**EXERCISE GOAL:**
Copy each record exactly and skip its pictures.

**RECORD SET:**

········

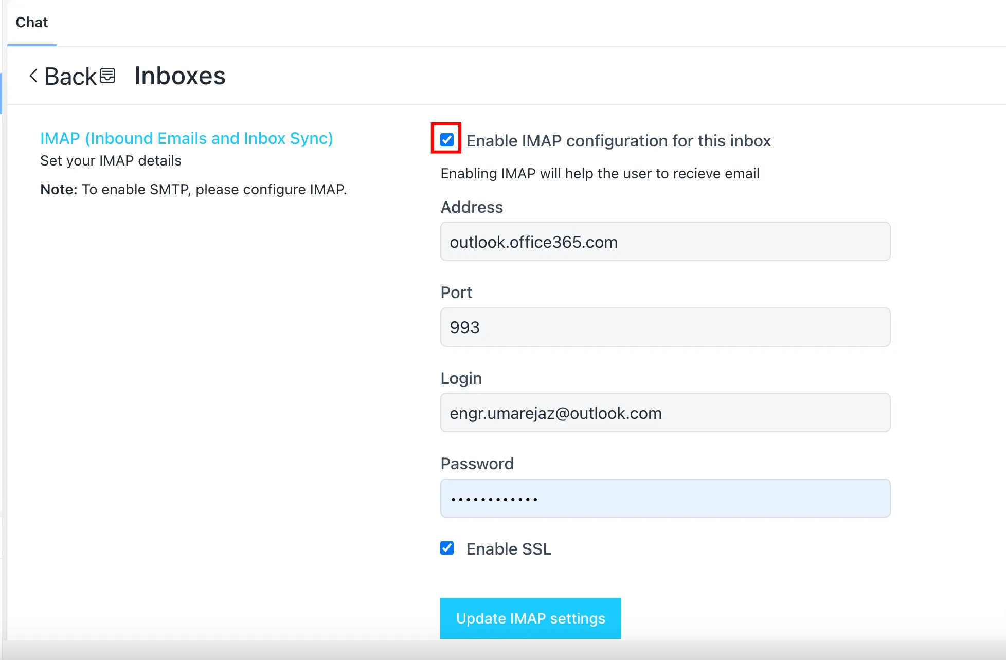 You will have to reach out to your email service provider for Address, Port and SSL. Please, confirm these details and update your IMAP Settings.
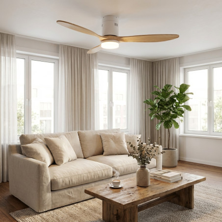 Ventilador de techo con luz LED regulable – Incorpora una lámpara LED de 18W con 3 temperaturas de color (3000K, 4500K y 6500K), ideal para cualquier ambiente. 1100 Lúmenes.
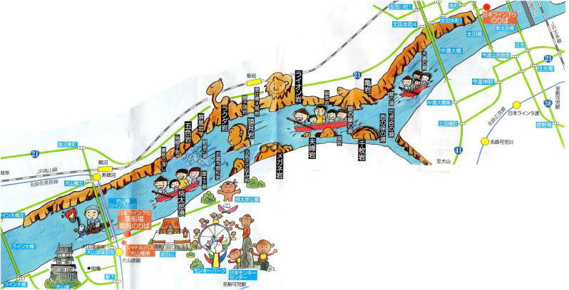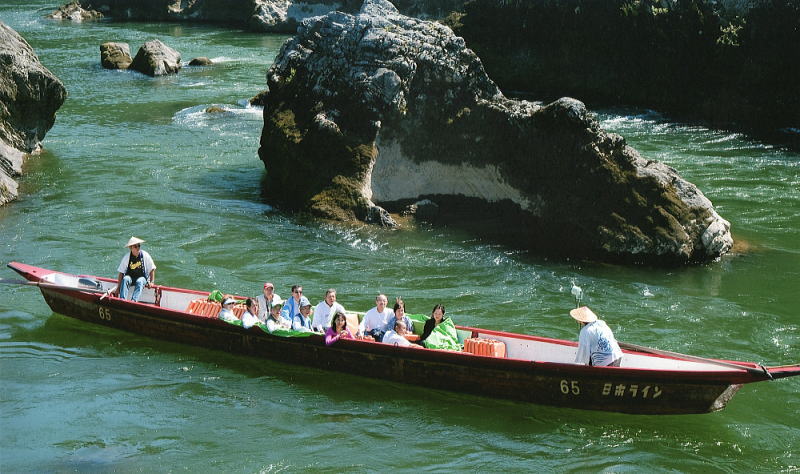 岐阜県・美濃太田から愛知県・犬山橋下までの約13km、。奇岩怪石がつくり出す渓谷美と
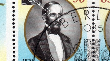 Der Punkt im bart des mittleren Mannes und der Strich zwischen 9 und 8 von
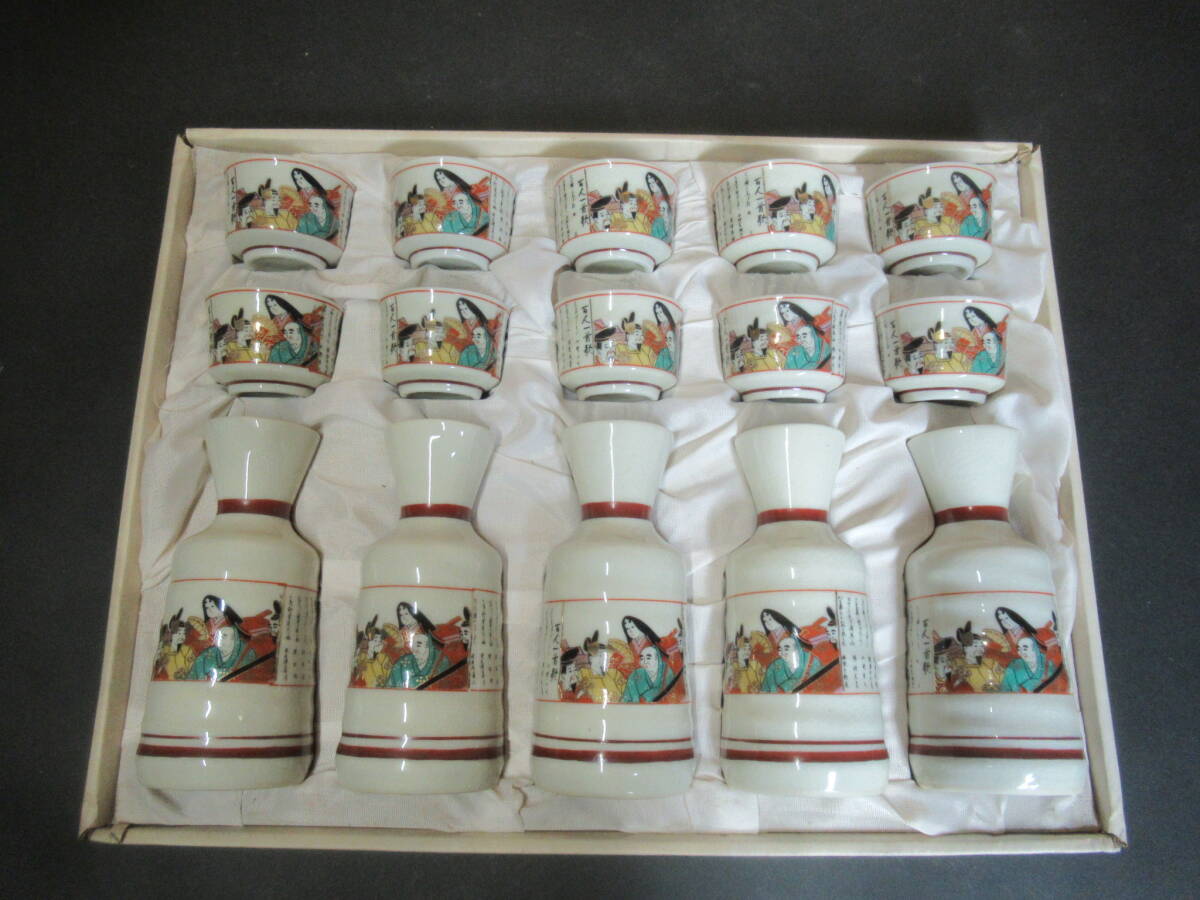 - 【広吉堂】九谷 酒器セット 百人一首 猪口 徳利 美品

········

**SOLUTION BELOW:**
 You will have to reach out to your email service provider for Address, Port and SSL. Please, confirm these details and update your IMAP Settings.
 Ventilador de techo con luz LED regulable – Incorpora una lámpara LED de 18W con 3 temperaturas de color (3000K, 4500K y 6500K), ideal para cualquier ambiente. 1100 Lúmenes.
 岐阜県・美濃太田から愛知県・犬山橋下までの約13km、。奇岩怪石がつくり出す渓谷美と
 Der Punkt im bart des mittleren Mannes und der Strich zwischen 9 und 8 von
 - 【広吉堂】九谷 酒器セット 百人一首 猪口 徳利 美品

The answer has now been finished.